[Material for this exercise — start]

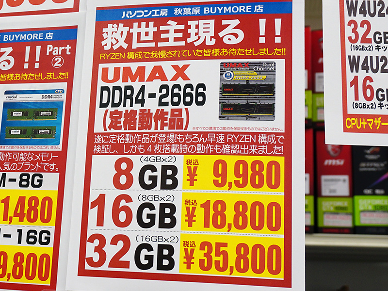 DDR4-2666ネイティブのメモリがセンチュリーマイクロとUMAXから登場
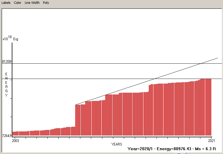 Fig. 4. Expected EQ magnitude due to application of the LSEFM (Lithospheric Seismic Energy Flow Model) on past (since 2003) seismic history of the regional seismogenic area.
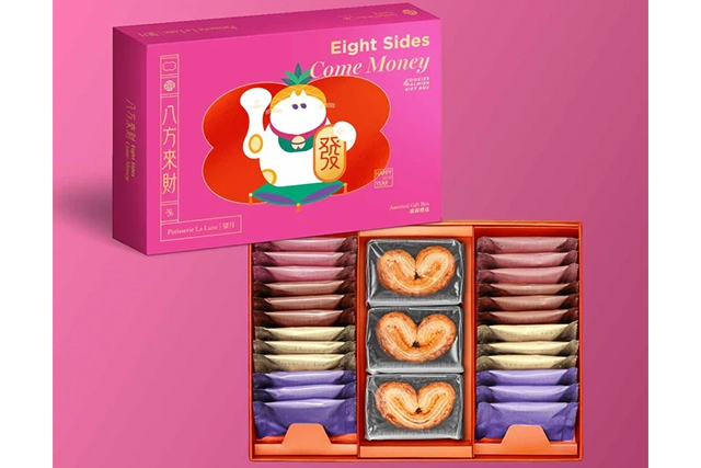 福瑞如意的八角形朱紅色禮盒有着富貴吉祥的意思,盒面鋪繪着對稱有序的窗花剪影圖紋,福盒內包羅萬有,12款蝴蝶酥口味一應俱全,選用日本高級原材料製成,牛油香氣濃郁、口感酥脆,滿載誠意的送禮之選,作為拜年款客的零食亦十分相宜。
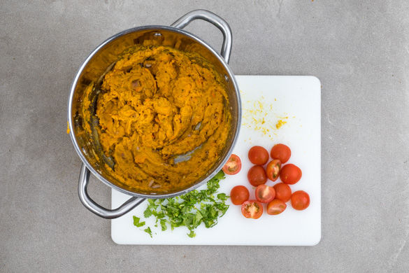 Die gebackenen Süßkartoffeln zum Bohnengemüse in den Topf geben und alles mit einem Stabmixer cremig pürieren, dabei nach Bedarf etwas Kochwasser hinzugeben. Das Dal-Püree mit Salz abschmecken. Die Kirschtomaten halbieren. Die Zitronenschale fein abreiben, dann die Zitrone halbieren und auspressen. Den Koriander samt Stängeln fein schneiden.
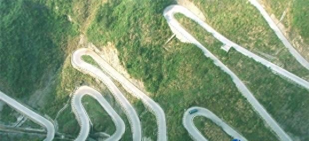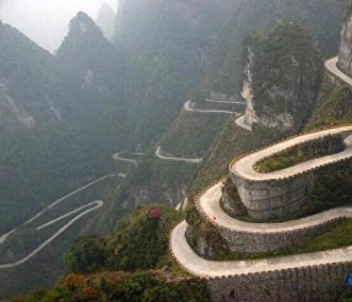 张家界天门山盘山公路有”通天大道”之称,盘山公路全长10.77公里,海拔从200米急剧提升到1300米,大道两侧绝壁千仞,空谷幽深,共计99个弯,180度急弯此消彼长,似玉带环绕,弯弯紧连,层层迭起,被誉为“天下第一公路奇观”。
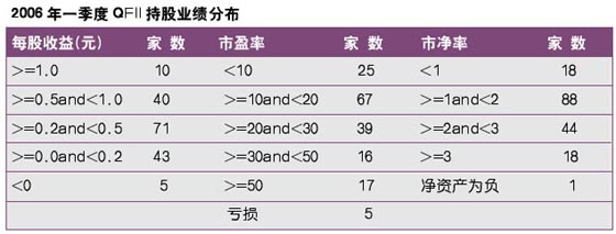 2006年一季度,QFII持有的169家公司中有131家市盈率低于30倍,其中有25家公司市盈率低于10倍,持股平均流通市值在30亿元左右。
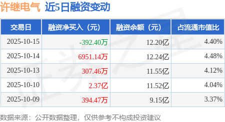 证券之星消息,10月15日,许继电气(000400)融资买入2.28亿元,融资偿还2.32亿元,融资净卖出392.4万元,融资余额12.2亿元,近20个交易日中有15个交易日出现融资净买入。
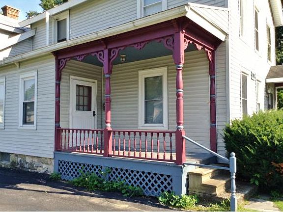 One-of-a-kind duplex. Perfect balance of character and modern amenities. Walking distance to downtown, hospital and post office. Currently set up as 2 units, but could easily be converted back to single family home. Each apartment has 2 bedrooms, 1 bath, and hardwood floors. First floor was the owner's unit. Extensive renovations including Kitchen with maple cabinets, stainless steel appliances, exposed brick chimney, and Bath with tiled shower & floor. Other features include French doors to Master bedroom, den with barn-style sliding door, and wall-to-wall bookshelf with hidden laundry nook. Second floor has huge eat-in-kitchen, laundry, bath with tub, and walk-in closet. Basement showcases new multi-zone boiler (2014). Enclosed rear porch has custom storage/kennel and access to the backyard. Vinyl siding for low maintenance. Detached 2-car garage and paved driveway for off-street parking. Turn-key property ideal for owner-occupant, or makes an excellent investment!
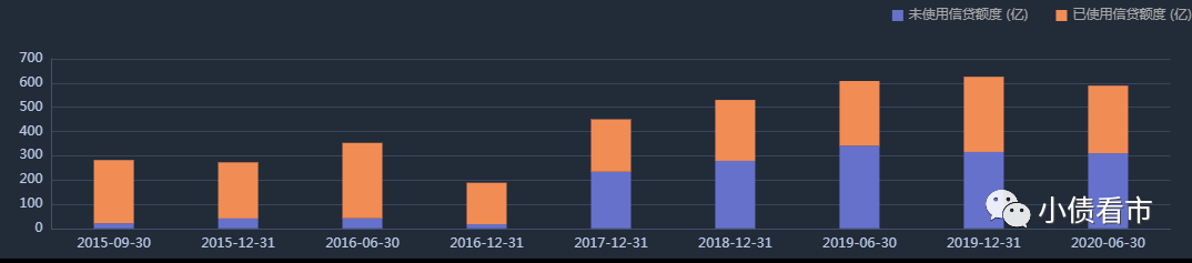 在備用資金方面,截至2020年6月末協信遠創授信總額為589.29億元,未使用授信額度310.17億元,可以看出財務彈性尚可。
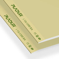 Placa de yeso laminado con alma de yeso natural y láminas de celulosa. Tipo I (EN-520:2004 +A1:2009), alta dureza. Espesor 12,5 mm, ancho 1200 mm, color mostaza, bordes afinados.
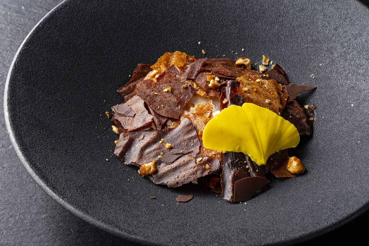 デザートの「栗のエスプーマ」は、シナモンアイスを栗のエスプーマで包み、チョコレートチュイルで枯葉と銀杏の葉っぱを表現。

[Material for this exercise — finish]

**Task objective**: No pictures belong in the answer; copy all other parts of the listing exactly.

**Output for this task**:
 DDR4-2666ネイティブのメモリがセンチュリーマイクロとUMAXから登場
 Fig. 4. Expected EQ magnitude due to application of the LSEFM (Lithospheric Seismic Energy Flow Model) on past (since 2003) seismic history of the regional seismogenic area.
 福瑞如意的八角形朱紅色禮盒有着富貴吉祥的意思,盒面鋪繪着對稱有序的窗花剪影圖紋,福盒內包羅萬有,12款蝴蝶酥口味一應俱全,選用日本高級原材料製成,牛油香氣濃郁、口感酥脆,滿載誠意的送禮之選,作為拜年款客的零食亦十分相宜。
 Die gebackenen Süßkartoffeln zum Bohnengemüse in den Topf geben und alles mit einem Stabmixer cremig pürieren, dabei nach Bedarf etwas Kochwasser hinzugeben. Das Dal-Püree mit Salz abschmecken. Die Kirschtomaten halbieren. Die Zitronenschale fein abreiben, dann die Zitrone halbieren und auspressen. Den Koriander samt Stängeln fein schneiden.
 张家界天门山盘山公路有”通天大道”之称,盘山公路全长10.77公里,海拔从200米急剧提升到1300米,大道两侧绝壁千仞,空谷幽深,共计99个弯,180度急弯此消彼长,似玉带环绕,弯弯紧连,层层迭起,被誉为“天下第一公路奇观”。
 2006年一季度,QFII持有的169家公司中有131家市盈率低于30倍,其中有25家公司市盈率低于10倍,持股平均流通市值在30亿元左右。
 证券之星消息,10月15日,许继电气(000400)融资买入2.28亿元,融资偿还2.32亿元,融资净卖出392.4万元,融资余额12.2亿元,近20个交易日中有15个交易日出现融资净买入。
 One-of-a-kind duplex. Perfect balance of character and modern amenities. Walking distance to downtown, hospital and post office. Currently set up as 2 units, but could easily be converted back to single family home. Each apartment has 2 bedrooms, 1 bath, and hardwood floors. First floor was the owner's unit. Extensive renovations including Kitchen with maple cabinets, stainless steel appliances, exposed brick chimney, and Bath with tiled shower & floor. Other features include French doors to Master bedroom, den with barn-style sliding door, and wall-to-wall bookshelf with hidden laundry nook. Second floor has huge eat-in-kitchen, laundry, bath with tub, and walk-in closet. Basement showcases new multi-zone boiler (2014). Enclosed rear porch has custom storage/kennel and access to the backyard. Vinyl siding for low maintenance. Detached 2-car garage and paved driveway for off-street parking. Turn-key property ideal for owner-occupant, or makes an excellent investment!
 在備用資金方面,截至2020年6月末協信遠創授信總額為589.29億元,未使用授信額度310.17億元,可以看出財務彈性尚可。
 Placa de yeso laminado con alma de yeso natural y láminas de celulosa. Tipo I (EN-520:2004 +A1:2009), alta dureza. Espesor 12,5 mm, ancho 1200 mm, color mostaza, bordes afinados.
 デザートの「栗のエスプーマ」は、シナモンアイスを栗のエスプーマで包み、チョコレートチュイルで枯葉と銀杏の葉っぱを表現。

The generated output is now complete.